In their November 2011 Nature paper, David Baltimore and colleagues note that the AAV serotype they have chosen to work with, AAV8, has some differences compared to the more commonly used AAV2. They write:

"Studies in non-human primates have shown that the elicitation of capsid-specific cytotoxic T-lymphocytes is limited to AAV capsids that exhibit heparin-binding activity [26]. Interestingly, serotypes lacking heparin-binding activity, including AAV8, did not induce CTL responses, suggesting that AAV8-based vectors, like the one we have used, may circumvent previously observed immunological barriers to long-term transduction." 

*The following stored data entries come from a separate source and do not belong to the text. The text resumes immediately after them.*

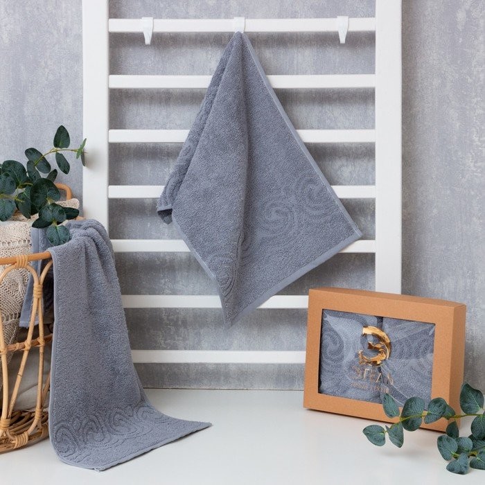 Набор полотенец Этель «Present» 30*60см — 2шт, цв.серый, 100% хлопок, 360 г/м2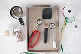 Deep elonggated handles for easy scooping the measuring spoons and cups are designed with innovative roundshaped heads the rounded bowls are easy to fill with dry and liquid ingredients and the spoons long comfort grip handles will fit easily most container openings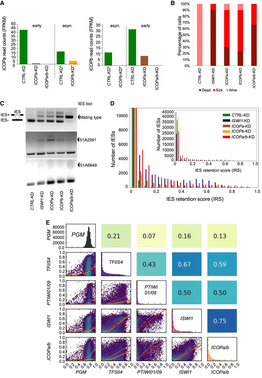 Effects of ICOP knockdowns (KDs) on DNA excision. (A) mRNA expression levels in fragments per kilobase per million mapped reads (FPKM) compared between ICOPa and ICOPb KDs for transcripts early in development (40% old MAC fragmentation) or asynchronous (asyn.) cultures (*) in which new MACs were observed in 20% of cells but the majority of the cells were in early development. ICOPa/b indicates cosilencing of ICOPa and ICOPb. (B) Survival of recovered postautogamous KD cells followed for several vegetative divisions. Alive (pink): four divisions per day; sick (red): fewer than three divisions per day; dead (cayenne): no cells. (C) Retention of mating type, 51A2591 and 51A6649 IESs. ISWI1-KD: positive control. Retained IESs (IES+) result in a larger amplicon. (D) Genome-wide IES retention scores (IRS) across ∼45,000 IESs in different KDs. (E) Correlation of IRSs among KDs. Diagonal indicates IRS distributions of individual KDs; below diagonal, correlation graphs of pairwise comparisons; above diagonal, corresponding Pearson correlation coefficients; red lines, ordinary least-square (OLS) regression; orange lines, LOWESS; and gray lines, orthogonal distance regression (ODR).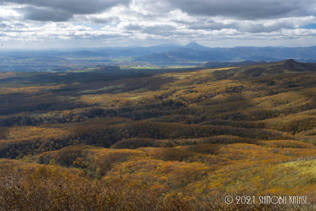 【日記】10月13日:西別岳の麓の黄葉がきれいでした 日記 - Diary - 2021.10.13 先週は西別岳の稜線から中腹までがきれいでしたが、今週はさらに標高が下がり山の麓に広がる広葉樹林がきれいに黄葉していました。こうして遠景で見るときれいなのですが、近くで見ると葉はすでに枯れ始めているというか、ピークになり切れずに枯れている感じなので、見下ろしてきれいなのも後少しだと思います。これからは屈斜路湖畔や川湯周辺の紅葉が見ごろを迎えるでしょう。

However, they fail to cite the 2007 paper mentioned above, which is explicit that: “alternative serotypes currently being considered for clinical applications (for example, AAV-1, AAV-8) are processed in a manner appropriate for presentation of the same epitope(s), at least by human cells, resulting in expansion of functional CD8+ T cells that are indistinguishable from those elicited by AAV-2 capsid.”  

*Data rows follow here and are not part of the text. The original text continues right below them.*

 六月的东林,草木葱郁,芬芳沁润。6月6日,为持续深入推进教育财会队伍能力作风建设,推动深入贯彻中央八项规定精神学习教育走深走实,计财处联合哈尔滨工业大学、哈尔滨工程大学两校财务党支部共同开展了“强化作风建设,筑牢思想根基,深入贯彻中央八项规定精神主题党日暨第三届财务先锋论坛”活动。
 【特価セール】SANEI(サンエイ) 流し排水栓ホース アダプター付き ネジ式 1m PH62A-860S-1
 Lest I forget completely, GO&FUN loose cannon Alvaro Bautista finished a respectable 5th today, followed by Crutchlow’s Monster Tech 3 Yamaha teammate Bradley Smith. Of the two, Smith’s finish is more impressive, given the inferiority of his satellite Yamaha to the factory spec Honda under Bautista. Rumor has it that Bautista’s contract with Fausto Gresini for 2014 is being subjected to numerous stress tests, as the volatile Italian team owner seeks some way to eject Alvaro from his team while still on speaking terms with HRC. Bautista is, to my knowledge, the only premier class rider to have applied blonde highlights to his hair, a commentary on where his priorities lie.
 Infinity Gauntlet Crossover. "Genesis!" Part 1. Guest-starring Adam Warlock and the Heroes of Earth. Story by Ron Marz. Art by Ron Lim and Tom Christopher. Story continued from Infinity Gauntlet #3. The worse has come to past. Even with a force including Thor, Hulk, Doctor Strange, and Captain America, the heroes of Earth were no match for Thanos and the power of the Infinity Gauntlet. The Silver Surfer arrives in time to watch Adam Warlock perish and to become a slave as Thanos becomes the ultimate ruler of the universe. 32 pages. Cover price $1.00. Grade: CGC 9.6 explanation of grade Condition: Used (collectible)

So far it appears that the only clue as to how this might play out in humans comes from a study of a hybrid AAV vector comprising the backbone of AAV2 with an AAV8 capsid, used to deliver the gene for factor IX. In a small clinical trial for the treatment of hemophilia B in which the vector was given via peripheral vein (to target the liver), encouraging evidence of therapeutic efficacy was observed, which was not the case in a prior trial involving a vector consisting entirely of AAV2. But most participants did show some evidence of T cell responses against the AAV8 capsid, indicating that the hope that this serotype would be completely invisible to CD8 T cells has not borne out. 

Thankfully though, that is not the end of the story. A study published just a couple of days ago in the journal Blood suggests that additional modifications to AAV can significantly reduce CD8 T cell recognition. And last year in the same journal, researchers reported that the AAV2 vector used to deliver the gene for factor IX in the first hemophilia B clinical trial could still be detected in muscle tissue ten years after administration. Although the level of factor IX production achieved in this trial was too low to be therapeutic, the authors conclude: “these data do establish that AAV2-mediated gene transfer to human skeletal muscle can persist for up to a decade. The use of alternate serotypes and/or delivery techniques that can perfuse muscle more extensively may improve therapeutic efficacy for this approach." This conclusion also offers hope for VIP because, as David Baltimore stresses in the video interview, his lab’s humanized mice experiments suggest that protection against HIV infection might be achievable with relatively low levels of broadly neutralizing antibodies.